▶ _Exercise brief_:
Quote each line of the material verbatim, without the pictures.

-- Data excerpt follows --

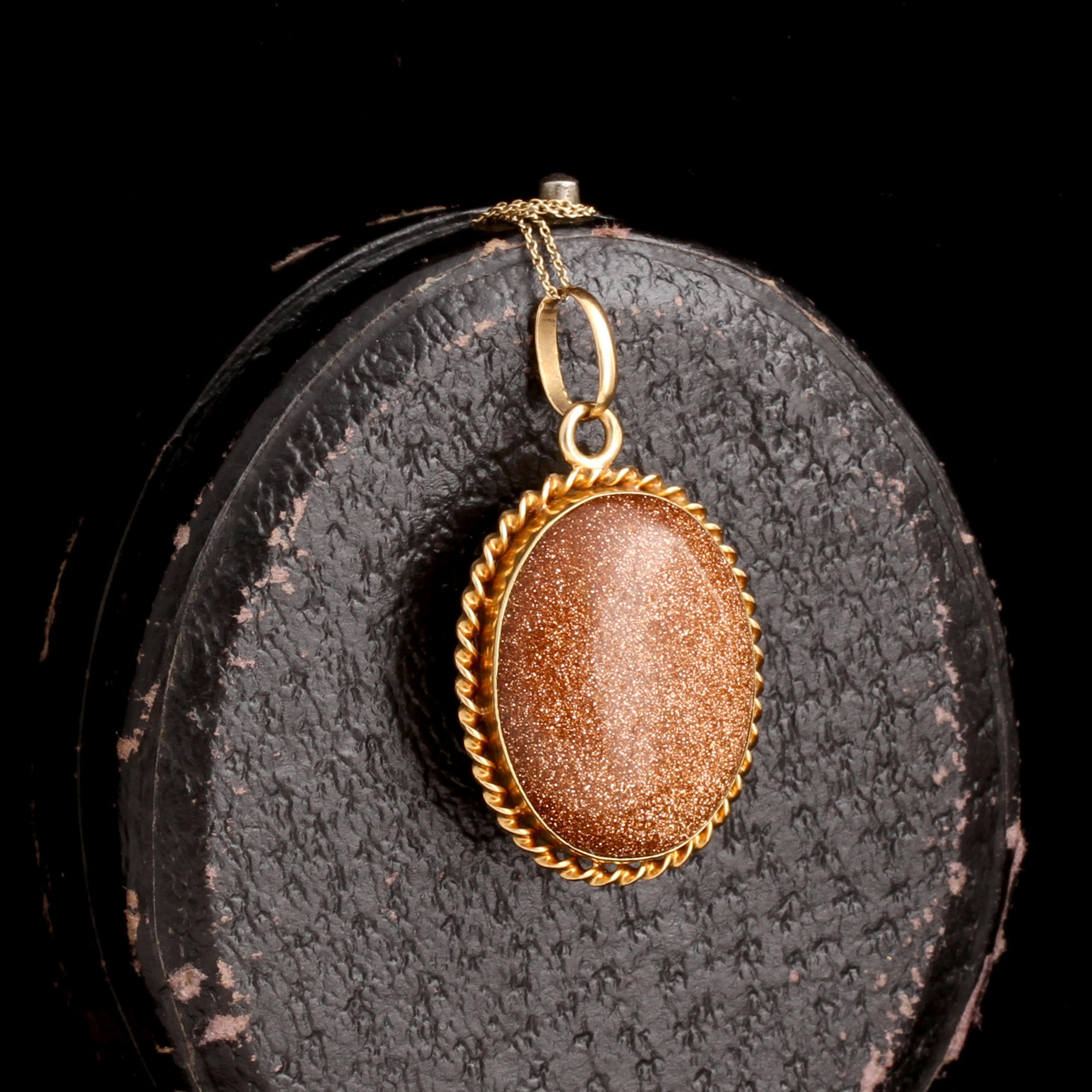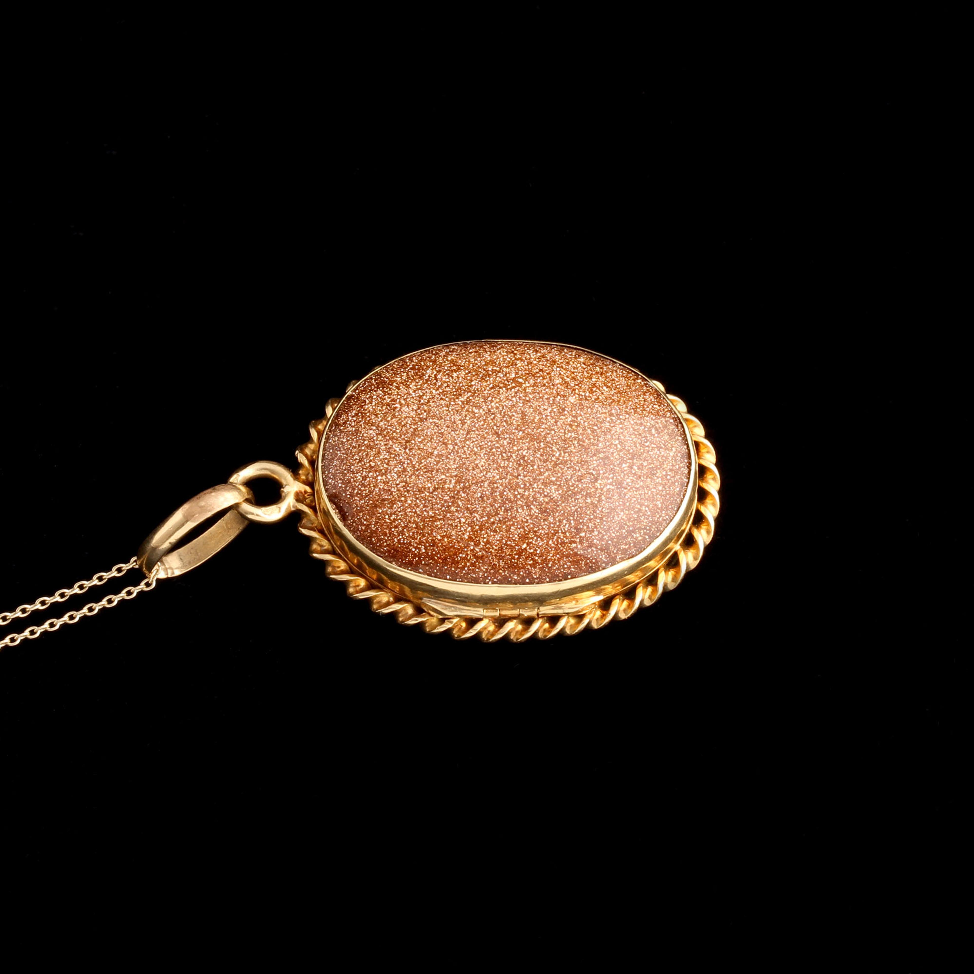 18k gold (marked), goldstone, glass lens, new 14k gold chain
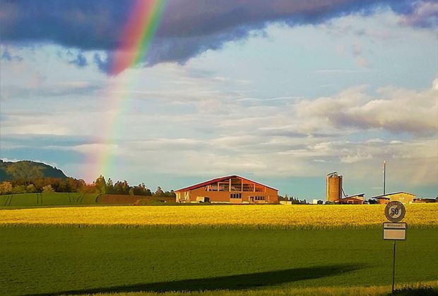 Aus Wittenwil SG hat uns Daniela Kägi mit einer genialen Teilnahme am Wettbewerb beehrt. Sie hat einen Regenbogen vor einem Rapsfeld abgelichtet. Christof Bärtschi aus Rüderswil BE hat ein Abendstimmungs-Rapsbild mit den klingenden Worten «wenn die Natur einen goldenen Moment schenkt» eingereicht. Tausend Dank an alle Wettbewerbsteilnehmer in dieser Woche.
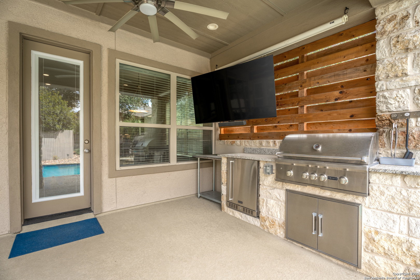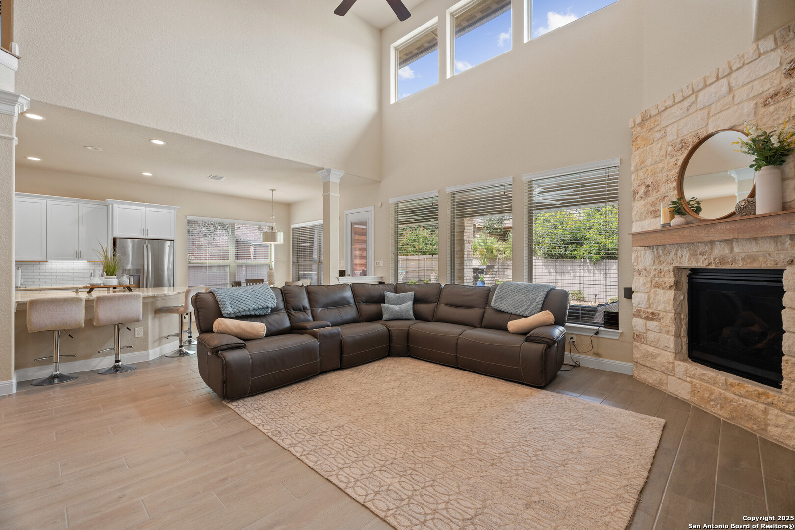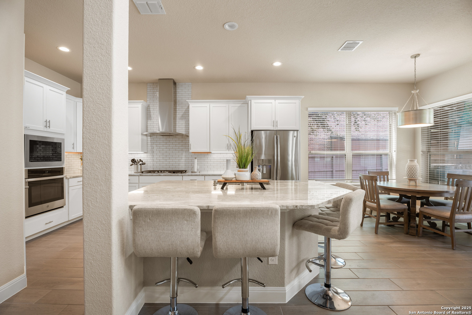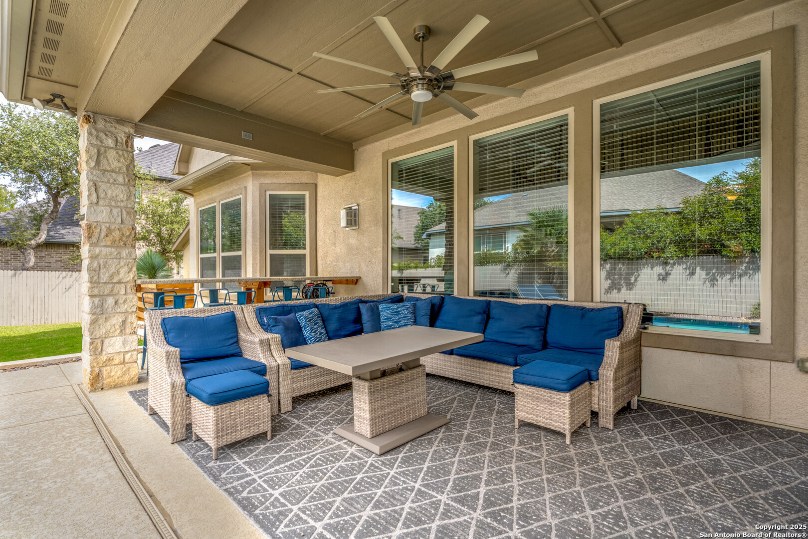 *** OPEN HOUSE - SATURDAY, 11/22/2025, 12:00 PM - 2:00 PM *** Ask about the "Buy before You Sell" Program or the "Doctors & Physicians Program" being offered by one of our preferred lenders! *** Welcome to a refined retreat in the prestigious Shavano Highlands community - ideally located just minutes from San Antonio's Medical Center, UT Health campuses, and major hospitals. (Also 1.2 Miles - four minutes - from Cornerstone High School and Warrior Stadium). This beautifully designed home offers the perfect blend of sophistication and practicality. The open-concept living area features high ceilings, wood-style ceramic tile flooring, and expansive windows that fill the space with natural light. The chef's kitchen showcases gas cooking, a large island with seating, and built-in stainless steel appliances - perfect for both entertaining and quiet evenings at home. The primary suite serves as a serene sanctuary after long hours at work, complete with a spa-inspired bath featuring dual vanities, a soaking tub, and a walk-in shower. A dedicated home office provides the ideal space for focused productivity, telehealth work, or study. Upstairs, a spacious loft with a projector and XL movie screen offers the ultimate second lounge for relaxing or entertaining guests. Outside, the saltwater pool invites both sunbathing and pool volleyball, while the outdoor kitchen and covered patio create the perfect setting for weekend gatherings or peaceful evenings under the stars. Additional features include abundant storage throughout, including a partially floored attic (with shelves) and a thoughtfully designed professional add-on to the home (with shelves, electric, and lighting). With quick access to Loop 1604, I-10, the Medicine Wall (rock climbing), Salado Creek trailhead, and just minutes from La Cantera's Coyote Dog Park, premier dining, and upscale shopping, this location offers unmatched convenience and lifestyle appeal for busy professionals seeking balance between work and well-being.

-- Data excerpt concluded --

▶ _Reply_:
 18k gold (marked), goldstone, glass lens, new 14k gold chain
 Aus Wittenwil SG hat uns Daniela Kägi mit einer genialen Teilnahme am Wettbewerb beehrt. Sie hat einen Regenbogen vor einem Rapsfeld abgelichtet. Christof Bärtschi aus Rüderswil BE hat ein Abendstimmungs-Rapsbild mit den klingenden Worten «wenn die Natur einen goldenen Moment schenkt» eingereicht. Tausend Dank an alle Wettbewerbsteilnehmer in dieser Woche.
 *** OPEN HOUSE - SATURDAY, 11/22/2025, 12:00 PM - 2:00 PM *** Ask about the "Buy before You Sell" Program or the "Doctors & Physicians Program" being offered by one of our preferred lenders! *** Welcome to a refined retreat in the prestigious Shavano Highlands community - ideally located just minutes from San Antonio's Medical Center, UT Health campuses, and major hospitals. (Also 1.2 Miles - four minutes - from Cornerstone High School and Warrior Stadium). This beautifully designed home offers the perfect blend of sophistication and practicality. The open-concept living area features high ceilings, wood-style ceramic tile flooring, and expansive windows that fill the space with natural light. The chef's kitchen showcases gas cooking, a large island with seating, and built-in stainless steel appliances - perfect for both entertaining and quiet evenings at home. The primary suite serves as a serene sanctuary after long hours at work, complete with a spa-inspired bath featuring dual vanities, a soaking tub, and a walk-in shower. A dedicated home office provides the ideal space for focused productivity, telehealth work, or study. Upstairs, a spacious loft with a projector and XL movie screen offers the ultimate second lounge for relaxing or entertaining guests. Outside, the saltwater pool invites both sunbathing and pool volleyball, while the outdoor kitchen and covered patio create the perfect setting for weekend gatherings or peaceful evenings under the stars. Additional features include abundant storage throughout, including a partially floored attic (with shelves) and a thoughtfully designed professional add-on to the home (with shelves, electric, and lighting). With quick access to Loop 1604, I-10, the Medicine Wall (rock climbing), Salado Creek trailhead, and just minutes from La Cantera's Coyote Dog Park, premier dining, and upscale shopping, this location offers unmatched convenience and lifestyle appeal for busy professionals seeking balance between work and well-being.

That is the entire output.